In a private letter to her sister, Cassandra, Jane included a piece of unfortunate neighborhood news. Jane reports that “Mrs. Hall of Sherbourn was brought to bed yesterday of a dead child, some weeks before she expected, oweing to a fright.”

Then she added a line of cruel comedy to explain both the stillbirth and the fright. “I suppose,” Jane writes, Mrs. Hall “happened unawares to look at her husband.” This may be an instance of all three of the flaws that Henry Austen disavows as part of the character of his sister, Jane—hasty, silly, and severe.

Henry Advocating for Jane’s Piety

Henry preferred to shine a light on things other than his sister’s satirical wit. He emphasizes her being attractive, pleasant, and well read. But this is not his highest value of her either. As he concludes, “One trait only remains to be touched on. It makes all others unimportant. She was thoroughly religious and devout.”

Henry ends by telling his readers that his sister’s “opinions accorded strictly with those of our Established Church”. Again, this may well have been true. But it’s an interesting choice for describing what the world now thinks of as one of its greatest novelists in English and a master of comedy, irony, and social criticism!

An Attempt to Deflect Criticism?

For most of us, “devout” isn’t the first word that comes to mind when describing the main features of Jane Austen’s fiction. We don’t usually associate devotion with the comic, the ironic, or the critical. Could Henry here be trying to head off any criticisms of Austen’s depictions of defective clergymen, for her sake or his own? It’s a telling final line for a novelist’s biographical notice.
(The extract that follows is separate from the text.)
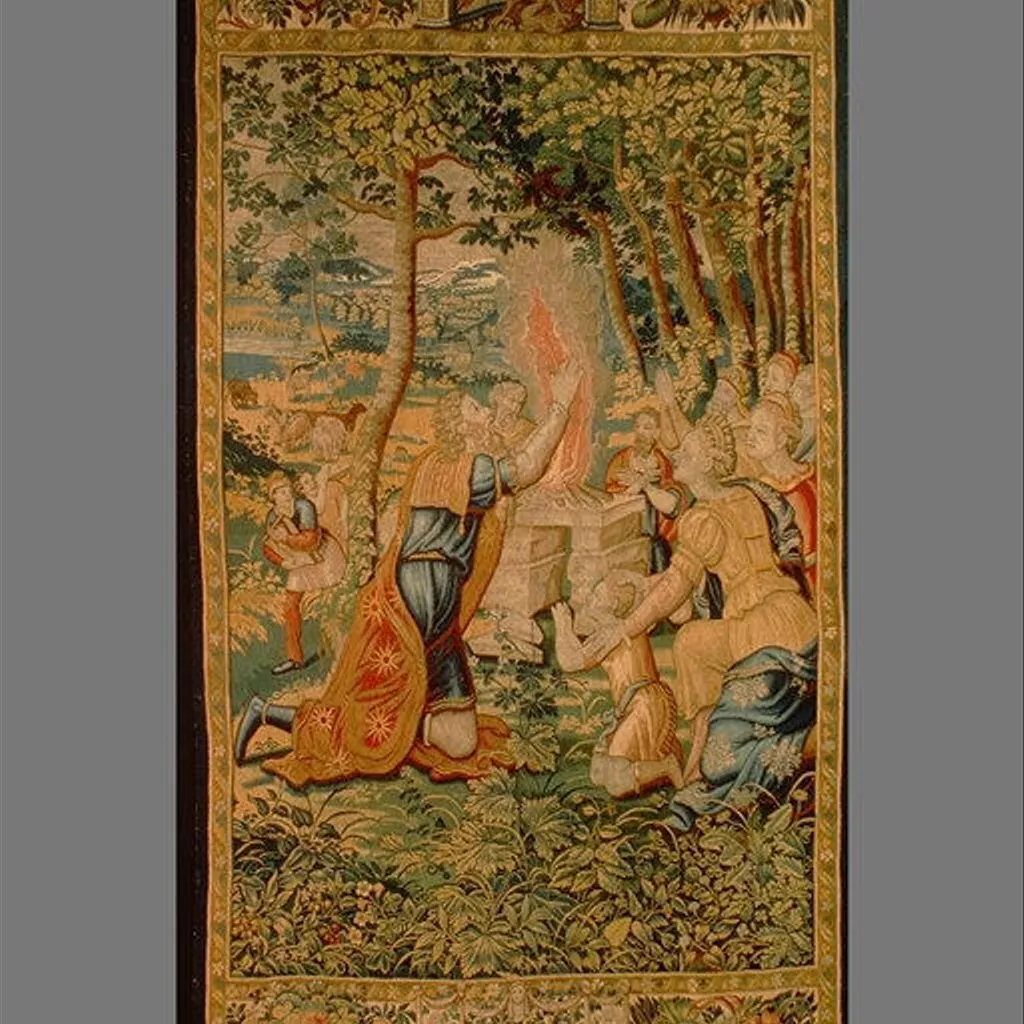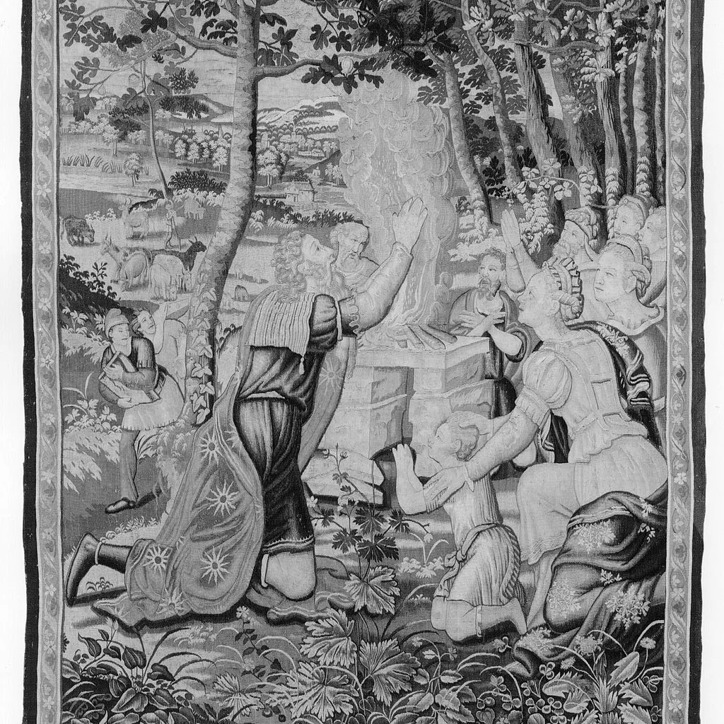 The story of Jacob as depicted in this set of six tapestries (1983.73.1–.6) begins with the scene of Esau selling his birthright to Jacob (Gen. 25:29–34). Esau, the hunter, sits with his bow and quiver at his feet. He clasps hands with Jacob, his brother, who is clad in the starred robe that will identify him throughout the story. By this handshake Esau and Jacob seal their agreement, and the former accepts a bowl of food in exchange for his birthright as firstborn. The secondary scenes represent different moments in time and serve to advance the story. In the center distance Esau is shown hunting with two dogs. To the right, Rebecca, mother of Esau and Jacob, is seen cooking outside the tent, probably preparing food for Jacob to present o his father, Isaac (Gen. 27). The narrative continues to unfold in the other tapestries, which depict Rachel giving her servant Bilhah to Jacob (Gen. 30:1–4), Rachel and Bilhah with her son Dan, and Jacob making a covenant with his father-in-law

After Northanger Abbey and Persuasion were published, with Henry’s biographical notice prefixed to them, a few reviews came out lamenting Austen’s death and lauding her fiction. A notable, positive one was published by the theologian Richard Whately, later Archbishop Whately, in 1821, so perhaps Henry’s groundwork in advocating for Austen’s Christian principles was successful. Whately declares that “Miss Austen’s work may be safely recommended”. The keyword here seems to be safe.

It remains a challenge to settle these longstanding arguments about who she really was or what her works ought to mean. But one thing these continuing disagreements and investigations do prove definitively is that her afterlife has become as complex and compelling as her novels.

Common Questions about the Tribute to Jane Austen by Her Brother

Q: When was the Biographical Notice of the Author published?

The Biographical Notice of the Author was written in late 1817. When Henry Austen revisited it in 1833, it was retitled as Memoir of Miss Austen.

Q: How does Henry portray Jane Austen in his notice?

Henry portrays his sister Jane Austen as a harmless, lovable spinster who deliberately didn’t seek fame. He asks us to view her as feminine, humble, and proper girl who “was thoroughly religious and devout.”

Q: Are Henry Austen’s claims about Jane authentic?

The claims that Henry makes about Jane Austen in his notice are debatable. It is uncertain if his portrayal of Jane was true to facts or if they were an attempt to deflect criticism coming their way.